Project Leader: Stephanie Buijs
Project code: D-101-19
This project will use an automated thermography system that was recently installed in AFBI’s milking parlour. The +/- 240 dairy cows that are milked in this parlour will pass the system on their way back to the pasture or barn after milking (thus, twice daily). This will be combined with highly regular and systematic observation of clinical signs of disease and injury by trained staff, and with behavioural assays of stress/fear/anxiety. Cross-comparison of thermal data and clinical examination will be used to identify thermal markers for different conditions (phase 1) and to test the reliability of these markers as early warning signals (phase 2). In the last phase we will evaluate if adding information from other sensor technology improves the sensitivity and specificity of the system (phase 3).

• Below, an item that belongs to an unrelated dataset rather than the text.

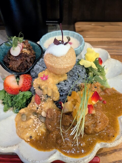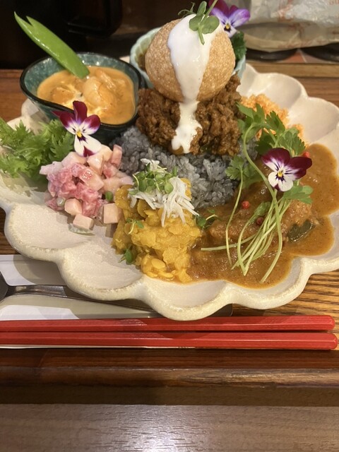 ネットスコアの高いお店で、近くだし、なんとなく行ったら、列も短いし入店することにした。客入れの応対も感じが良く、忙しい店をキッチリとまわしている感じがした。肝心のカレーの味は、オリジナリティが高い珍味...

Our overall objective is to evaluate the capacity of automated thermography to improve the detection of reduced dairy cow welfare, by identification of diseased, injured and stressed individuals at the earliest possible stage. Early detection is crucial, as it allows intervention before problems progress to a stage of (extensive) antibiotic treatment, severely reduced welfare and/or major production losses. Good stockmanship and veterinary care are indispensable for early detection. The objective is not to replace these, but to allow these people to focus their efforts on those individuals that are more likely to be affected.

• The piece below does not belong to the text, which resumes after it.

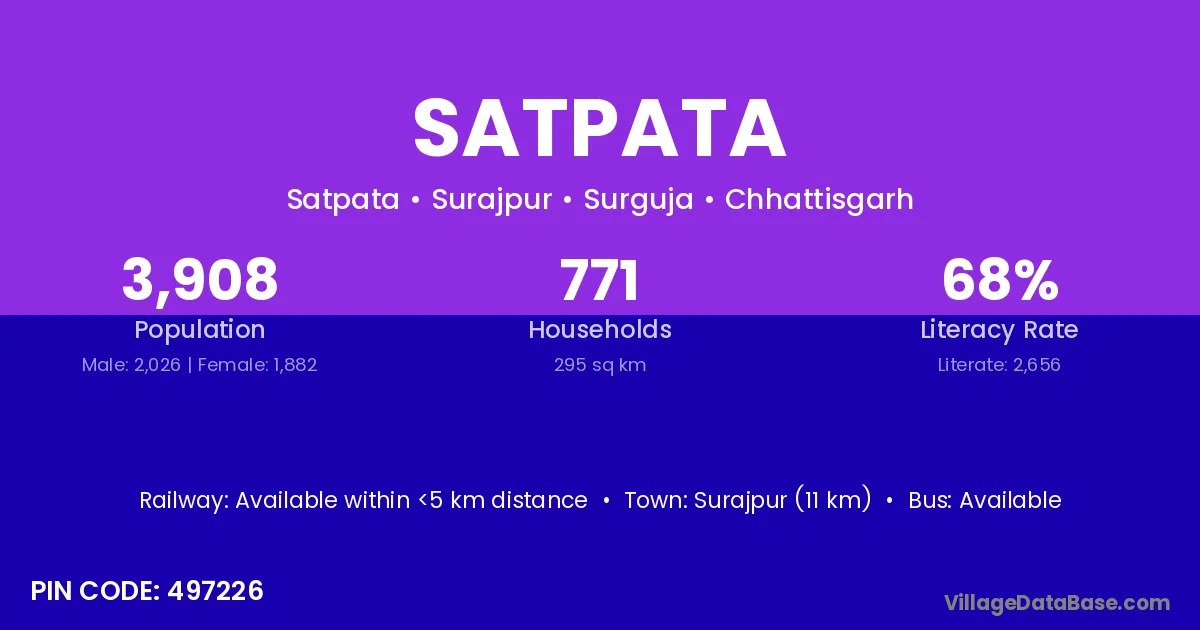 Surajpur (11 km) is the nearest town to Satpata village for major economic activities and is located approximately 11 km away.

Thermography creates images of surface temperature. This allows detection of many clinical signs of disease and injury (fever, inflammation, bruising), as these affect skin temperature, increase heat radiating from the skin (bald patches) or cool the skin with moisture (discharge from the nose, eye or vulva). Stress leading to an increased eye temperature can also be detected.

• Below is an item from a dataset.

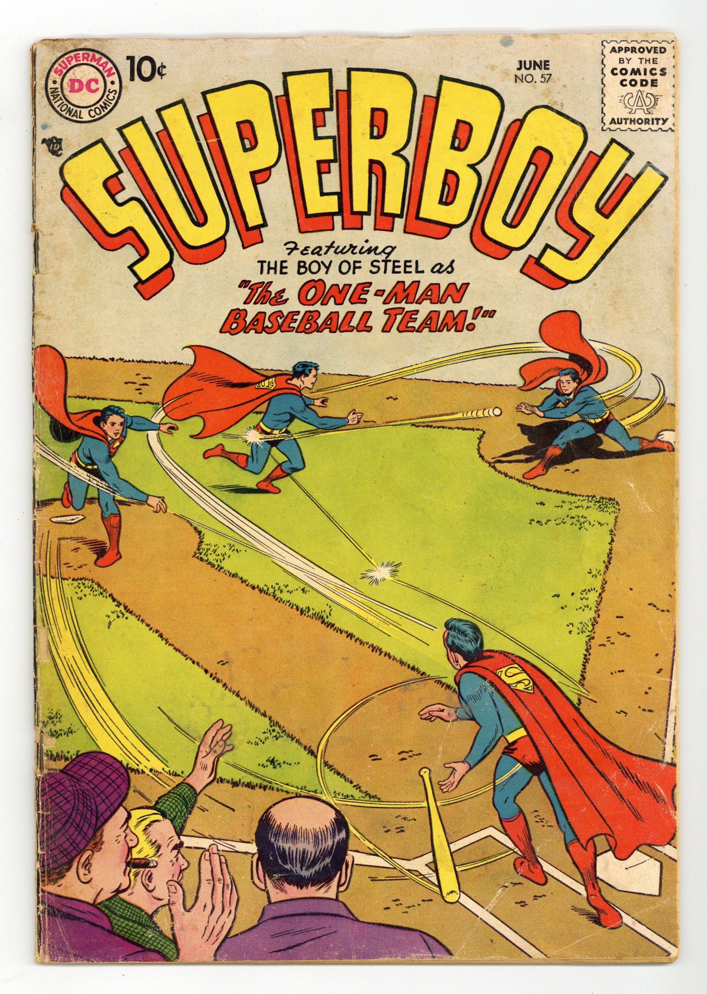 Cover pencils by Curt Swan, inks by Stan Kaye. "The Strong Boys of Smallville," script by Otto Binder, pencils by Curt Swan; The head of a phony strength-increasing racket appears to have put one over on Superboy, but the Boy of Steel turns the tables on him as Clark Kent. Worldwide Adventures in Science! public service announcement, script by Jack Schiff, art by Ruben Moreira. Charlie Cannonball humor page by Henry Boltinoff. "The Boy of the Year Contest!" starring Superboy, script by Otto Binder, art by John Sikela; When Superboy is forbidden to compete in the Boy of the Year contest, it appears as though he is sabotaging the other contestants; But he manages to expose the real cheat, and Clark Kent receives the honor. Shorty humor half-page by Henry Boltinoff. Detour to Doom text article. "One-Man Baseball Team" starring Superboy and Lana Lang, script by Otto Binder, pencils by Curt Swan; Superboy fields a team by himself. Hy Wire humor page by Henry Boltinoff. 36 Pages, Full Color. Cover price $0.10.

Phase 1 aims to determine thermal markers associated with specific clinical signs of disease, injury and stress. To this end, thermal images of cows with and without a specific clinical sign will be compared. These animals will be identified by regular health checks and behavioural tests. Thermal markers may also be identified by comparing thermographs of different areas of affected animals (e.g., left vs. right leg) and from animals before, during and after the occurrence of the clinical sign. Once markers are identified, algorithms allowing their automatic detection will be created.
Phase 2 aims to assess how accurately the thermal markers detect the clinical signs. We will analyse which percentage of animals with a clinical sign are classified by the system as affected and which percentage of the animals without the clinical sign are classified as not affected. This last is important because many ‘false-alarms’ will decrease the likelihood that will act upon alerts if the system is implemented in practice. Furthermore, we will determine if the system can detect clinical signs ahead of routine care (i.e., outside of the regular health checks and tests). This will provide important information on the expected improvement in speed of detection in practice.
The objective of Phase 3 is to see if additional information on behaviour (feeding, ruminating, standing, lying, walking) can improve the accuracy of the system. Decreasing the threshold for a thermal marker if behaviour has changed, or blocking alerts unless behaviour has changed, may improve system accuracy.